The WMT 2024 Indic Machine Translation Shared Task aims to address this challenge by focusing on low-resource Indic languages from diverse language families. Specifically, we are targeting languages such as Assamese, Mizo, Khasi, Manipuri, Nyishi, Bodo, Mising, and Kokborok.
The task for this year features two categories based on the availability of training data:
*Category 1: Moderate Training Data Available*
- en-as: English ⇔ Assamese - en-lus: English ⇔ Mizo - en-kha: English ⇔ Khasi - en-mni: English ⇔ Manipuri - en-nshi: English ⇔ Nyishi
*Category 2: Very Limited Training Data*
- en-bodo: English ⇔ Bodo - en-mrp: English ⇔ Mising - en-trp: English ⇔ Kokborok
Participants are encouraged to develop MT systems that can produce high-quality translations despite limited data availability.

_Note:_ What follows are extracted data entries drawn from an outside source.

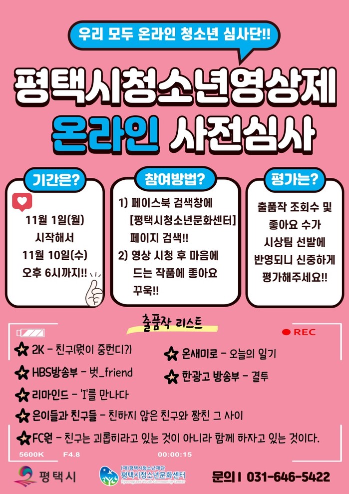[평택=오왕석 기자] 평택시(시장 정장선) 위탁기관인 (재)평택시청소년재단 평택시청소년문화센터(센터장 이종규)는 ‘평택시청소년영상제’ 출품작 온라인 사전심사를 지난 1일부터 오는 10일까지 진행한다고 밝혔다.
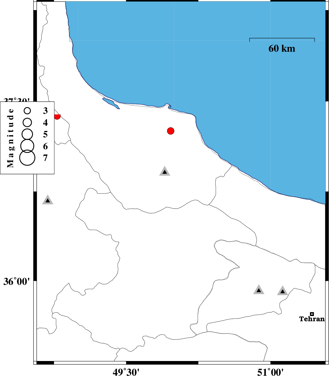| 2006/04/08 | 19:44:56.0 | 23:14:56.0 | 36.82 | 50.07 | 17 | ML:2.9 | 31 km South of Amlash, Gilan Province | ||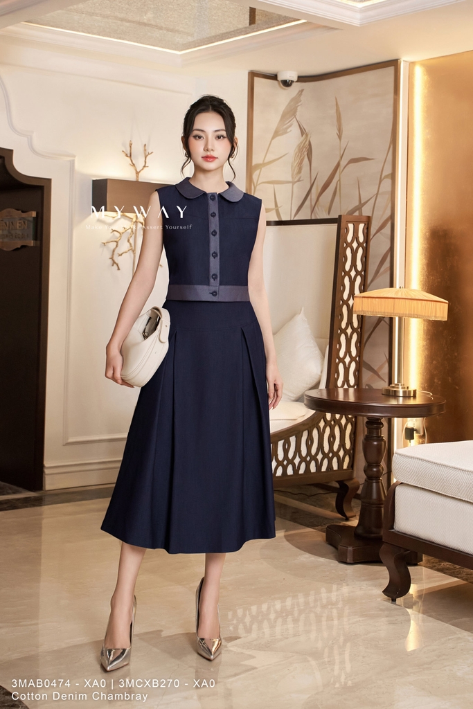 Chân váy xoè xếp ly, dài qua bắp, Có lót, Tinh tế với tông xanh navy cùng điểm nhấn cạp cao cá tính và chất liệu vải Cotton Denim Chambray trơn, có độ thấm hút mồ hôi tốt, thoáng mát vào dịp Hè. Thiết kế thời thượng, giữ phom chuẩn chỉnh, dễ mặc, dễ phối, phù hợp mọi phong cách dịp Xuân - Hè, tôn dáng cho phái đẹp.

Key areas for exploration include leveraging monolingual data, investigating multilingual approaches, and exploring transfer learning techniques.
*Important Dates:*
- Release of training/dev data: 25 May, 2024 - Test data release: 13 July, 2024 - Run Submission deadline: 28 July, 2024 - System description/workshop paper submission deadline: TBA, 2024 (follow EMNLP/WMT page) - Notification of Acceptance: TBA, 2024 (follow EMNLP/WMT page) - Camera-ready: TBA, 2024 (follow EMNLP/WMT page) - Workshop Dates: follow EMNLP/WMT main page
The organizing committee comprises experts from various institutions dedicated to advancing MT research in low-resource language settings.
*Organizers:*
- Santanu Pal, Wipro AI Lab, London, UK - Partha Pakray, National Institute of Technology, Silchar, India - Sandeep Kumar Dash, National Institute of Technology, Mizoram, India - Lenin Laitonjam, National Institute of Technology, Mizoram, India - Pankaj Kundan Dadure, University of Petroleum and Energy Studies, Dehradun, India - Arnab Maji, North-Eastern Hill University, India - Lyngdoh Sarah, North-Eastern Hill University, India - Anupam Jamatia, National Institute of Technology Agartala, India - Koj Sambyo, National Institute of Technology Arunachal Pradesh, India
For inquiries and further information, please contact us at lrilt.wmt24@gmail.com. Additionally, you can find more details and updates on the task through the following link: Task Link: https://www2.statmt.org/wmt24/indic-mt-task.html https://www2.statmt.org/wmt24/indic-mt-task.html.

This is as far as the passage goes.